To over-index on one leg means that you have a one-legged stool, which isn't worth much. Quantum is all about the architectural choices and navigating the compromises. In quantum, you can optimize one parameter, but often at the expense of another. So it's all about the final solution as a whole, and that's what we're hyper-focused on, is making sure that all these things are in, in balance, to make sure that the final solution can be produced to create IonQ's products. So we are optimizing all three of these pillars, and most of our talk today will be talking about areas in each one of these, and where we are today, and where we're going. Nikhil, next slide. So, you've probably seen these before, so, I won't go through this in detail, but ion traps have a number of advantages.
And you can see some of them right here. So again, I won't bother because I think we've already seen—you've seen this before. And with that, because today's is mostly about technology, I'm gonna hand this off to Dean, but I would like to thank everyone again for joining. So with that, Dean?
Thanks, Peter. So, I'm gonna pick things up, talk a little bit about some preamble work, and talk about some of the kind of exciting things I wanna cover, and then I'll go into deeper later. But first, I wanted to kind of start and jump into some of kind of our overall roadmap and kind of a slide that doesn't talk technology so much as it kind of speaks to the generations of systems that we've put in play, and that we're going to put in play in the future. And so right now, we have Harmony available out on the cloud. We also have Aria available on the cloud. Forte is available in kind of early access. And so, Forte is our flagship. It's commercially available. You can access it.

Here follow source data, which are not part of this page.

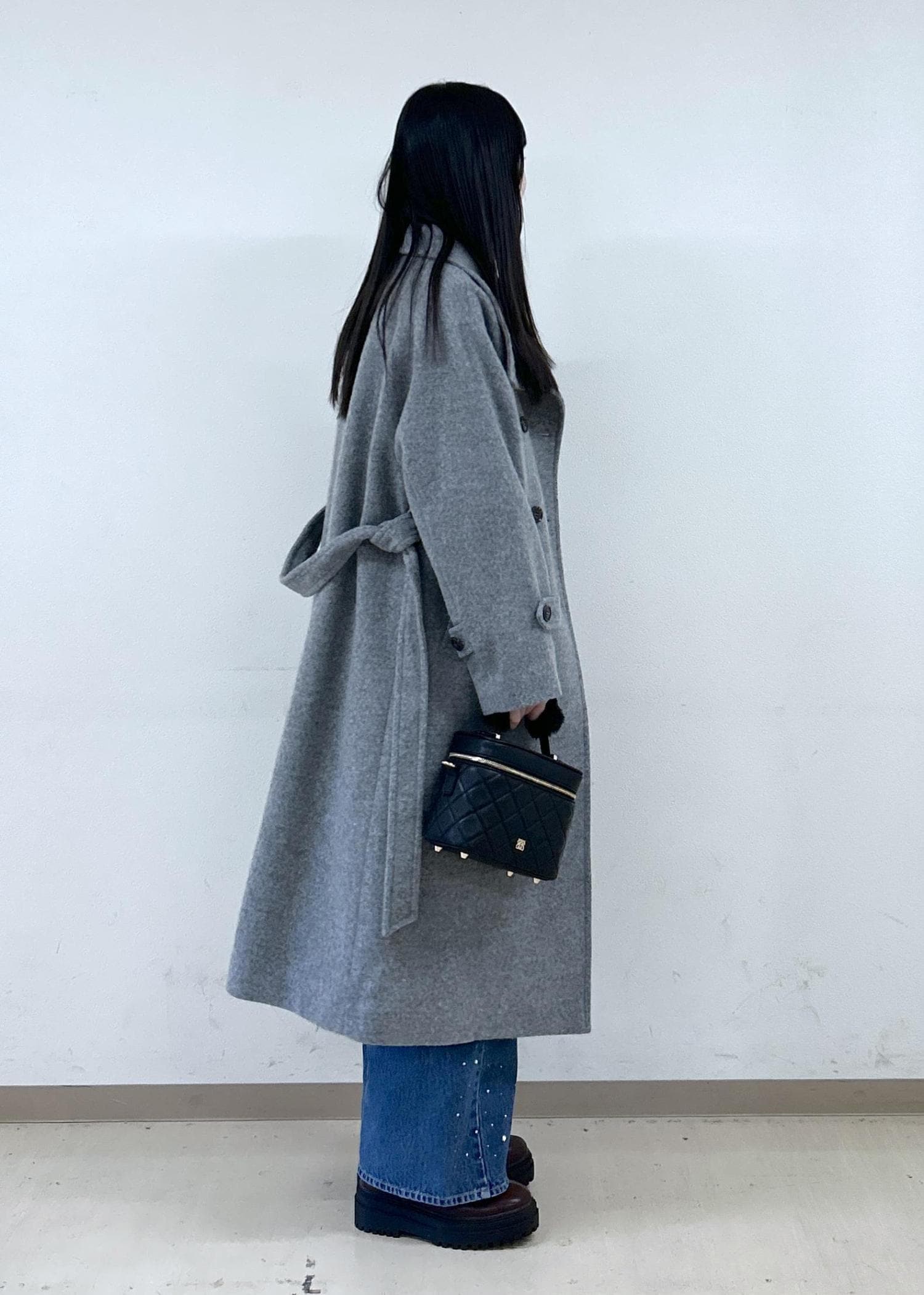 Sサイズでも下に厚手のニットや重ね着インナーが問題無く着られます。ベルトでウエストマークが出来るので着膨れしがちな寒い時期でもスタイリッシュに! -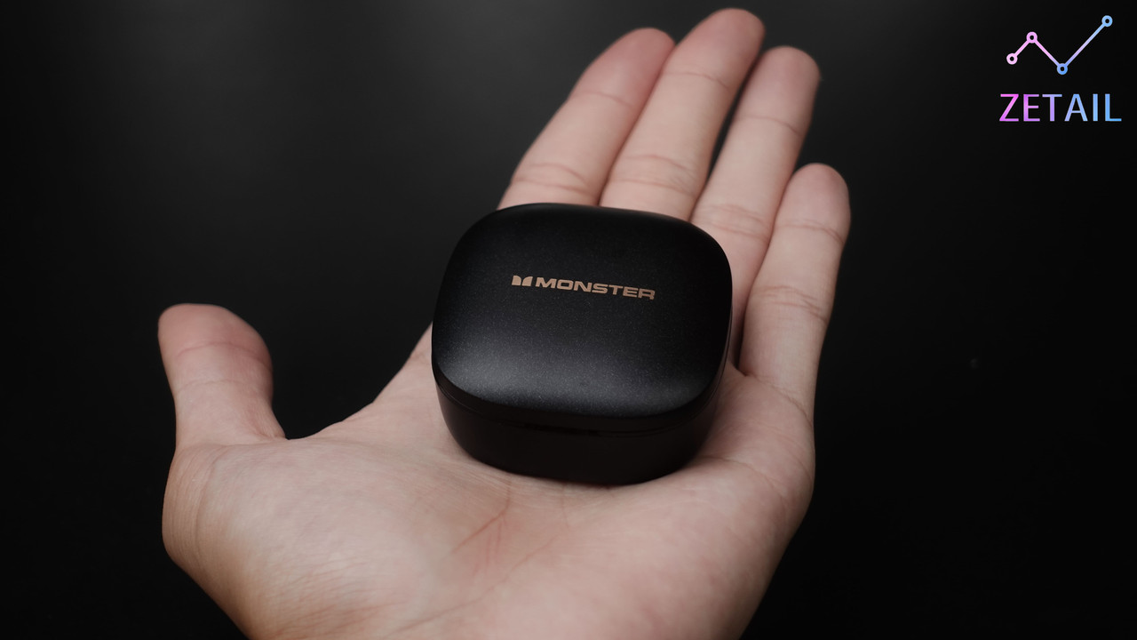 Monster Clarity 550 LT 的充電盒體積非常小巧、可愛,比第一、二代 AirPods 的充電盒更小,攜帶起來很方便。黑色充電盒的外殼是霧面磨砂觸感,加上 Monster 的獨特工藝,讓它看起來亮亮的,散發著類似「花崗岩」的珠光質感,整體無論是觀感、觸感、質感、組裝品質都相當優異,甚至比一些我開箱過的四千多元的真無線藍牙耳機還好 (就不說是誰了),多年累積的耳機生產、製造經驗果然不是蓋的。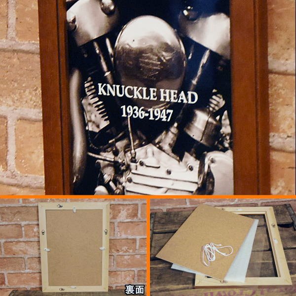 ☆ナックルヘッドエンジンの写真アートポスターと木製フレームのセットです。旧き良きアメリカの香りがするアートポスターをガレージやお部屋のインテリアに!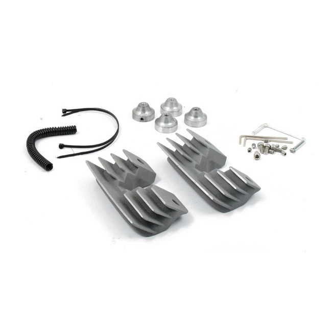 Aluminum construction. Slip-fit installation around the spark plug. These head bolt covers are designed to bridge the large and empty gap between the cooling fins on the right side of the engine. Cooling fins will match the engine’s cooling fins for a more uniform appearance and a full-finned engine look.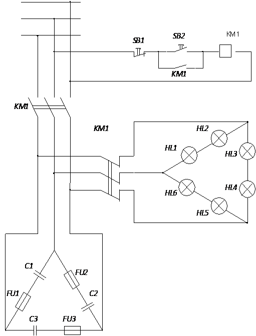 6 - Схема присоединения конденсаторов к шинам 0,4 кВ.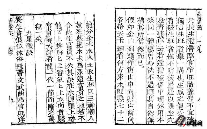 休說六秀水,恰似眼前花。自言誇 道會星辰,都是妄傳名,連山鬼運固為妙,究竟亦非好,又向山頭指貴人,颠倒轉家貧,天星鬼卦都無用,諸星壶中空,說道黄泉十二路,的是無真趨,番見絕命諸卦財,一動見殃災,不嘵紅囊經,坐穴下后人丁絕,卻將說或惑愚蒙圣術豈知蹤,九天玄女真口訣,逐一為君說,山合紅囊青囊便得真,救得世間人,合得九星宗妙訣,五行要分别,七十二龍分五音,仔細認天星,六十甲子循還佈,認得吉兇處,四十八局是分金,逐位細推,尋明穴明山明水路,尋取五行布,金木水火義精通,番值八山奇,分局佈局排星卦,五行通用也。番山番值五行蹤,世間少人逢,但將牢記取,禍福靈如鬼,不信但覆古人墳,處處合神文,此是楊曾真口訣,匪人休浪洩,有人傳得值千金,便是常年司馬身。

You know, we passed AQ 36 earlier this year on Forte, and so that was a year ahead of schedule. Now, as we move forward, Forte Enterprise, that adds a lot of focus on manufacturability and be able to have data center readiness for that system. We're gonna be able to kind of mirror the performance and the capabilities that we have from Forte and add to it, you know, customer requests, and robustness, and kind of uptime improvements. As we move to Tempo, that system is targeting more qubits and higher quality gates. So it's gonna be the first system that we're using our Reconfigurable Multicore Quantum Architecture for. And so, we'll be able to have a multi-core system there with Tempo, and we expect its performance that will exceed, you know, anything that can be simulated on a classical computer.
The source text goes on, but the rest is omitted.